En sortant du college, j'aperçus P. mon ami. Je me forcait à ne laisser aucune larmes mais malheureusement j'étais trop faible. P. comprit rapidement la situation je marchais vers elle la tête baissée comme vaincus, ses bras ouverts vers moi. Je laissait mes larmes une fois de plus s'échappait sur son torse, je sentis ses mains sur mon dos qui me réconforter. Montant avec elle aux bambous, plusieurs de mes amis se précipita vers moi. J'étais tellement entouré d'amis que je me sentais étouffée, oppressée, gênée, honteuse. P, sentit que j'étais entre de bonnes mains, elle partit discrètement mais jetai quelques coup d'oeil en arrière sur moi. Heureusement que mes amis étaient là, ils me proposer de manger avec eux. J'acceptai. P, ne supportait pas de me voir dans cet état comme d'autres amis. Elle m'accompagna jusqu'à ma demeure. Chez moi, j'étais seule face à moi-même, les pleures reprirent de plus belle. Les mains tremblantes, j'essayais de me changer, j'eux peine a mettre mon short. Je mis mes lunettes de soleil Wayfarer en guise de masque pour cacher ses yeux rouges qui exprimaient ma mélancolie.

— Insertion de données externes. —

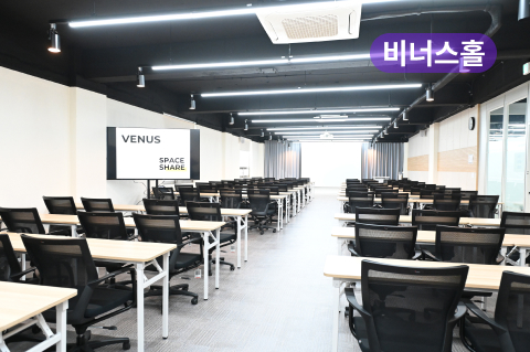 | 제공설비 | 최고급 빔프로젝트, 4M 스크린, 75인치 티비 2대, 음향장비(벽면스피커,무선마이크), 퍼시스 고급의자 |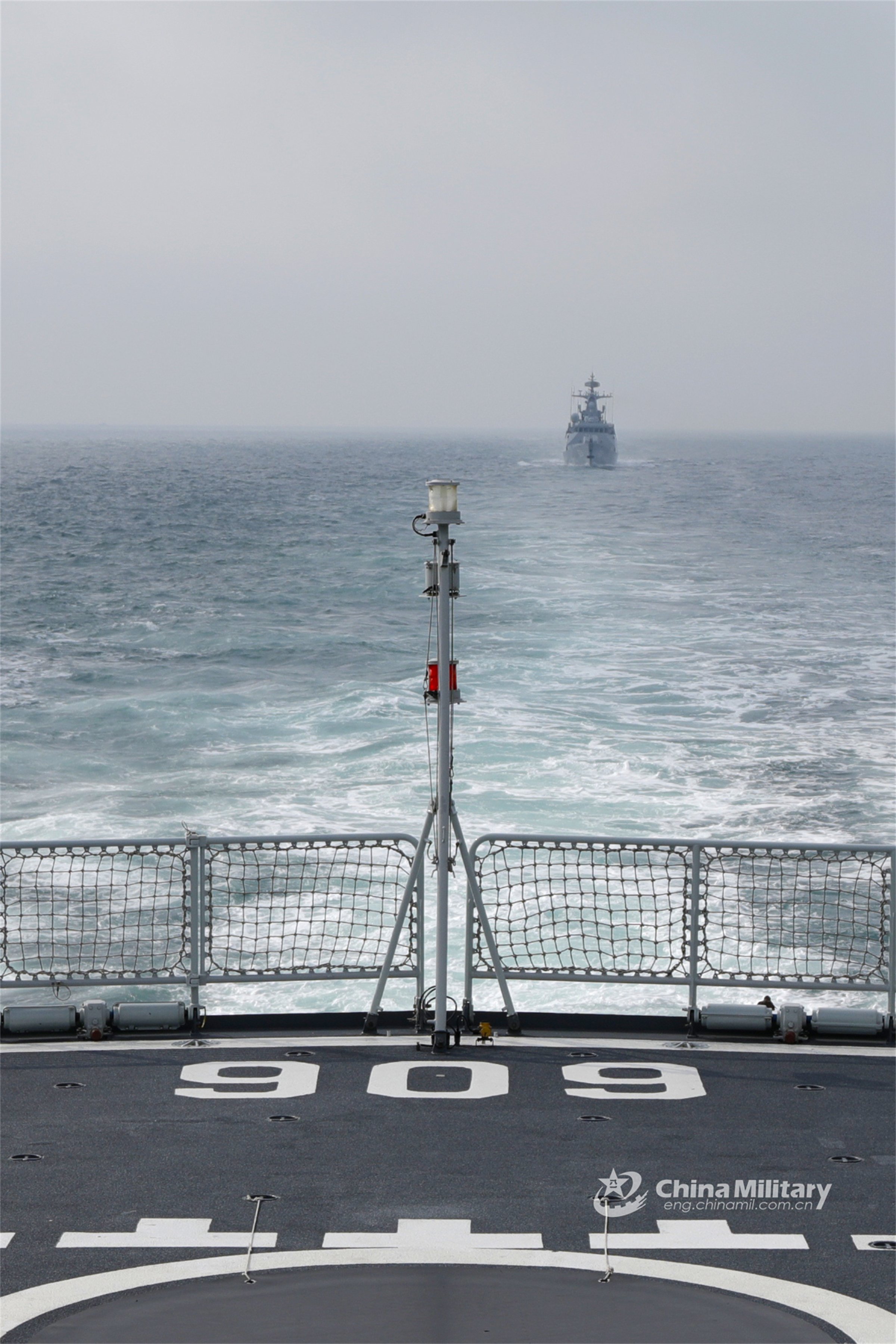 Two warships attached to a frigate flotilla with the navy under the PLA Northern Theater Command sail in formation during a combat training exercise held on January 6, 2023. (eng.chinamil.com.cn/Photo by Wang Guangjie)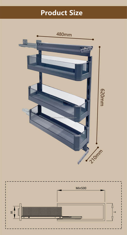Moderno Estante Organizador de Vidrio de 3 Niveles Multifuncional para Armarios de Cocina Estrechos, Cesta Extraíble Lateral Expandible para Especias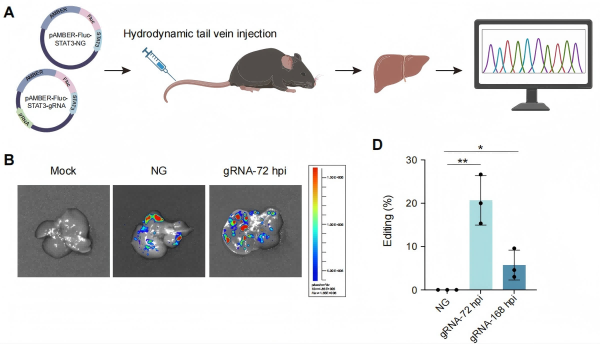 图:AMBER编辑器在小鼠肝脏中的表达及编辑功能验证。(A) AMBER 体内递送及编辑验证示意图;(B)通过与 AMBER 融合表达的 Fluc 信号验证编辑系统在肝组织中的成功递送与表达;(C) 注射后 72 h 与 168 h 时肝组织中靶位点的编辑效率。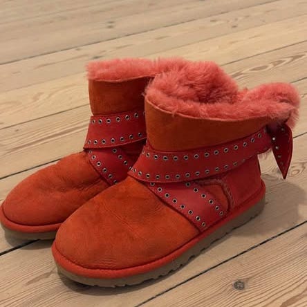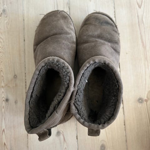 UGG vinterstøvler i størrelse 42, lavet af brunt ruskind med foret indvendigt for varme. Støvlerne er designet til at holde fødderne varme i kolde vejrforhold.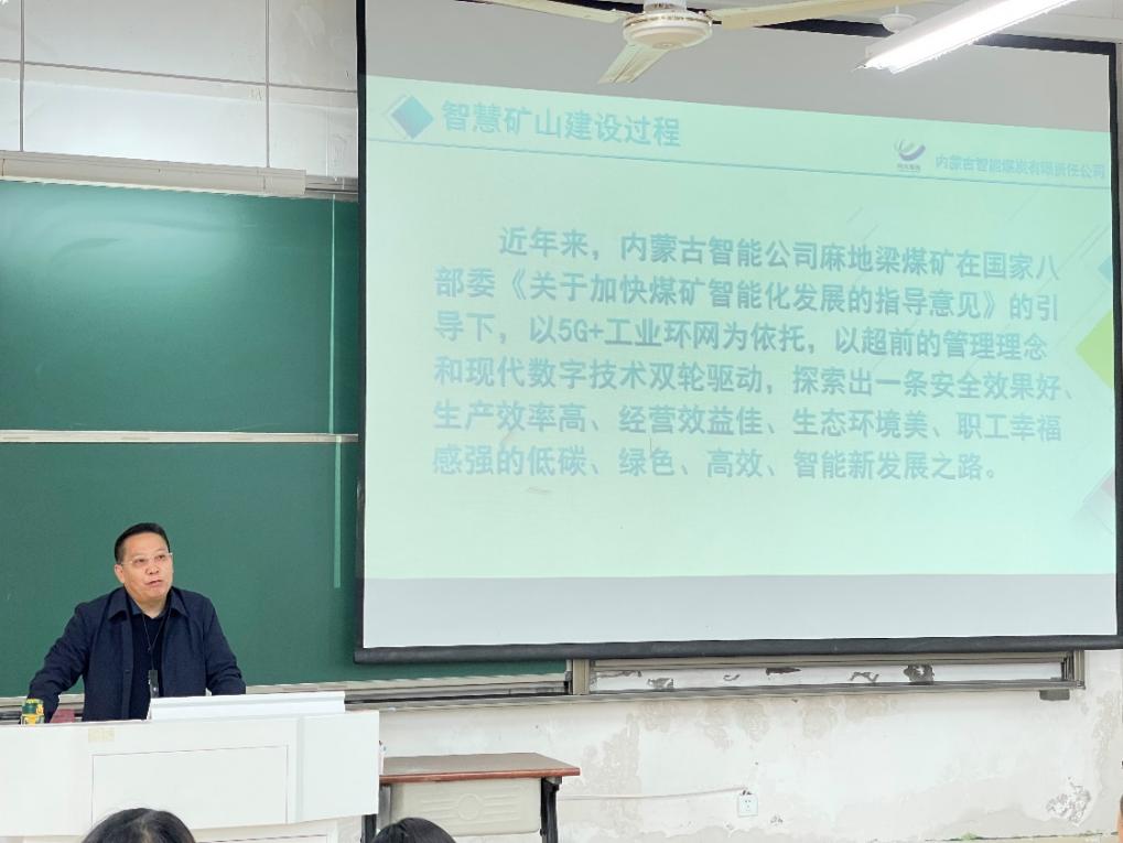 10月24日上午,足球心水论坛 在天工楼303、304教室举行专题报告会,皖北煤电集团内蒙古智能公司党委书记吴劲松和总工程师阚磊校友为师生做“5G+智慧矿山建设实践与创新”专题报告。足球心水论坛 院长杨科主持报告会。足球心水论坛 教师、皖北煤电优秀青年人才培训班学员、本科生、研究生400余人参加报告会。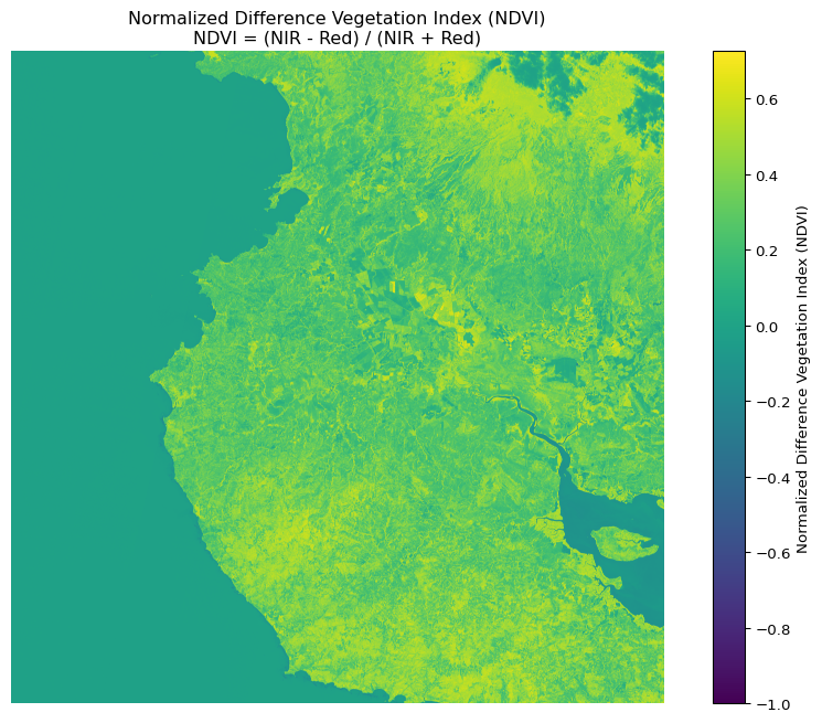 'NDVI = (NIR - Red) / (NIR + Red)')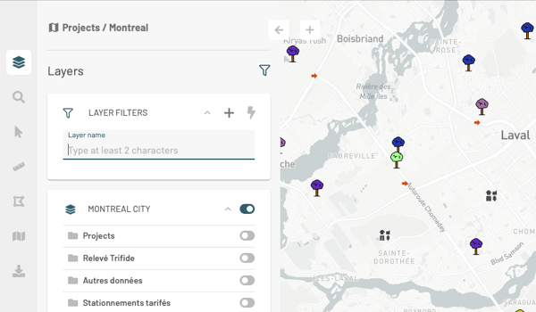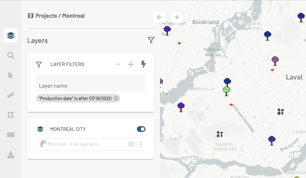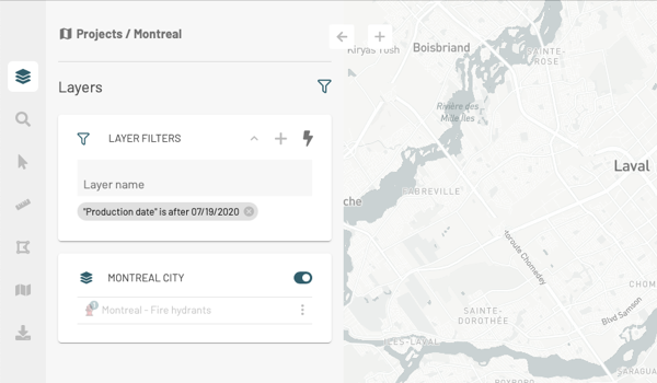 to apply the filter to the map. Only the layers which pass the filter and whose display is activated are displayed in the map.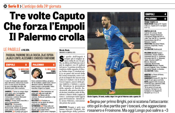 Tuttosport: “Le pagelle di Empoli-Palermo”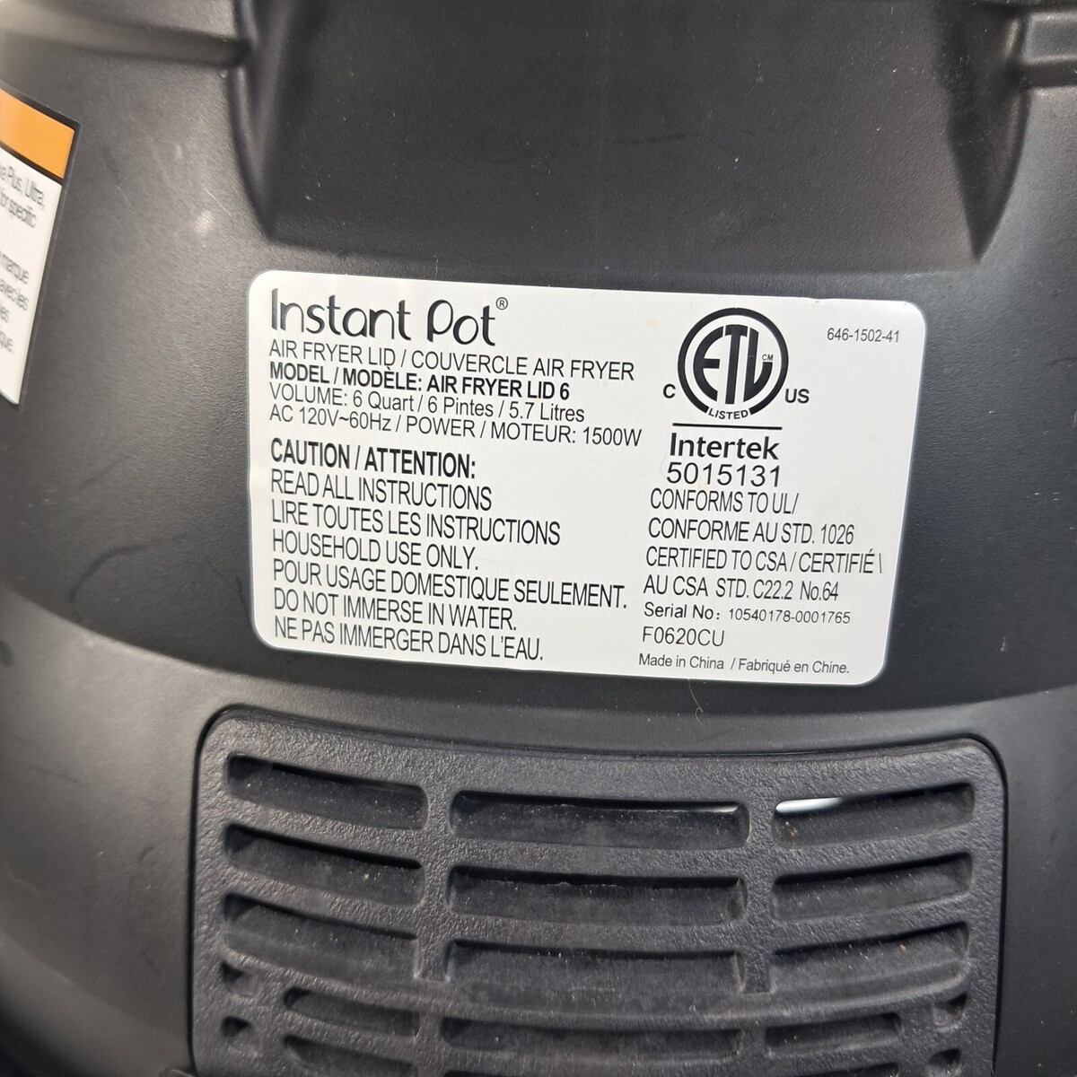Instant Pot Air Fryer Lid 6 Qt cover base Duo Crisp Cooking Instapot 6 quart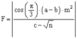 В8=(COS (ПИ()/3)*(B3-B4)*B6^2)/(B5-B7^0,5), для вычисления значения F по заданной формуле;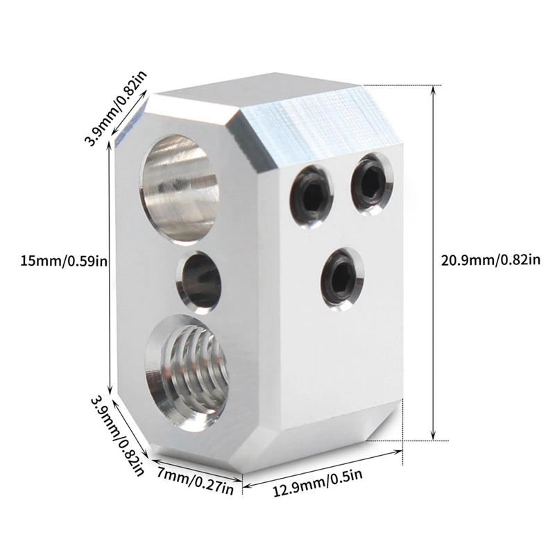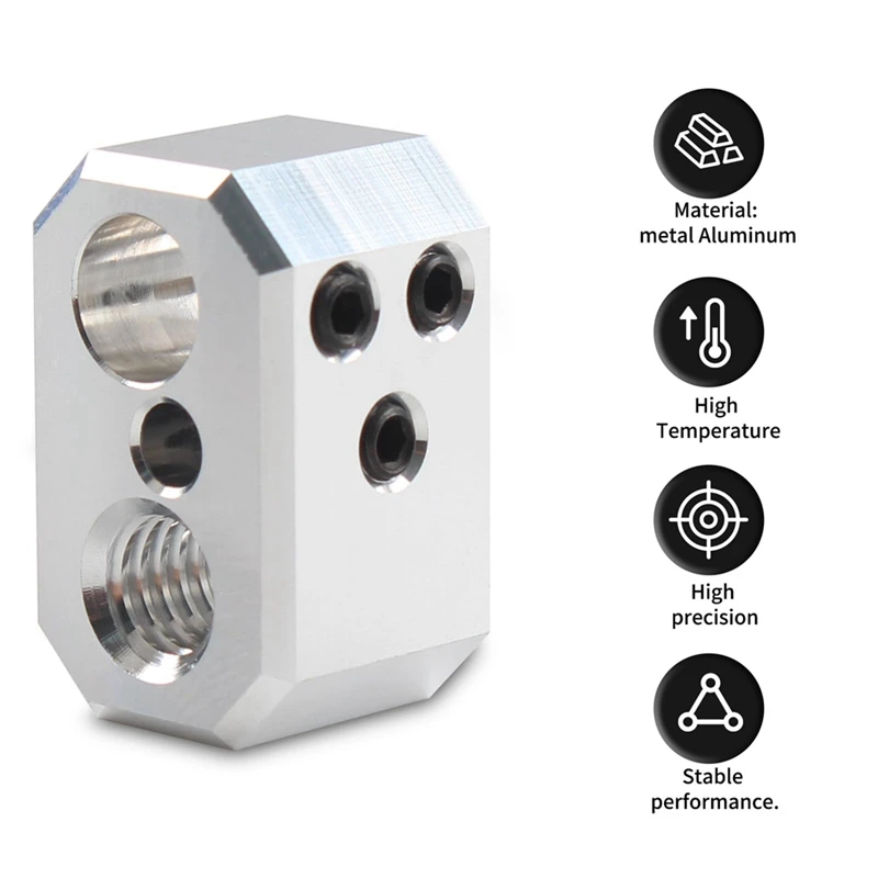 Piezas imprescindibles de repuesto para DIY su proyecto de impresión 3D FDM o MK4 Hot End pieza de reparación: Este es un bloque clonado de aluminio para el ensamblaje Hotend dedicado a impresoras que usan Nextruder. El bloque del calentador del extrusor se completó fácilmente con calentamiento, sensor de temperatura, adaptador de boquilla y boquilla de acero 0,4. Los pernos M3 Adjuntos tienen una unidad Torx (TX6) no hexagonal, por lo que debe usar la herramienta adecuada. El paquete incluye: solo un bloque calefactor de aluminio y pernos M3 cerrados, pero no viene con un calcetín de silicona. Alta temperatura, alta precisión, rendimiento estable.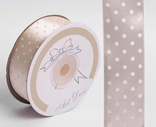 Szalag szatén pöttyös 25 mm x 25 m - Drapp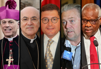 From left: San Francisco Archbishop Salvatore Cordileone; Archbishop Carlo Maria Viganò; Leonard Leo; Steve Bannon; and U.S. Supreme Court Justice Clarence Thomas (CNS/Courtesy of Franciscan University of Steubenville/Ryan Nolan; Paul Haring; Courtesy of the Federalist Society; Gregory A. Shemitz; Courtesy of University of Notre Dame/Peter Ringenberg)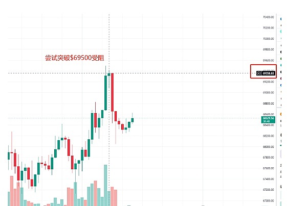 兄弟们早,昨晚BTC试图突破$69500受阻,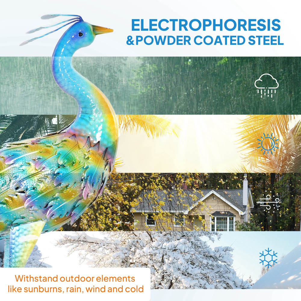 Add a splash of colour to your garden with this Outsunny garden art sculpture. Built to endure the rigours of outdoor life, this metal statue boasts vibrant hues and intricate detailing. Electrophoresis and powder coating treatments ensure lasting durability, whilst the included U-shaped ground stakes provide enhanced stability.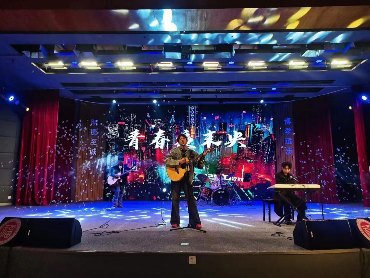 灯光闪烁,精彩绝伦的乐器表演即将上演。同学们吹弹歌舞,每个动作都充满力量与灵动。舞姿和谐而舒展,充满青春的活力与朝气,尽情地展现属于青年人的才华与热情!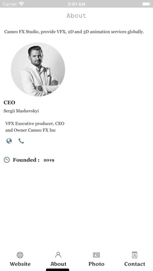 Also our clients can find quick information about our CEO/Executive producer and contacts

Nous étions devant le café de l'avenir, j'ai mangé avec mes amis puis je suis monté devant le bahut. V, et d'autre amis m'accompagnèrent devant le bahut, une vraie petite escorte. Je m'asseyais comme d'habitude sur l'une des grandes marches de l'auditorium, M, arriva et me consola avec N. Bien que mes larmes m'empêchais de m'exprimer correctement. Pour détendre l'atmosphère, je dis d'une voix douce, fragile et tremblante "Mais normalement, c'est pas les copines qui consolent les filles et pas les copains?". Des rires fusèrent "Si tu veux on appelle une meuf? Oh sale pute! x)" me répondis M. Que deviendrai-je sans eux? Un peu plus tard, X, me prit appart, elle me demanda si l'envie d'en parler me prit. Je lui expliquais mes raisons même si elles restés flous. C'était étonnant, depuis ce matin ou l'ont me demander ses fameuses raisons, c'est la seule à qui j'ai voulu confier les multiples causes. Elle m'escorta elle aussi jusqu'à ma salle.


En maths, mon état ne s'était pas améliorer. J'avais contrôle, je l'ai ratée. Mes larmes plongées dans ma copie double. Pourquoi j'étais dans cet état? Moi si normalement joyeuse et excitée comme une petite puce. Comme mes précèdents professeurs, Mrs.SCANDOLERA me demanda comment j'aller. Même réponse pour celle-ci.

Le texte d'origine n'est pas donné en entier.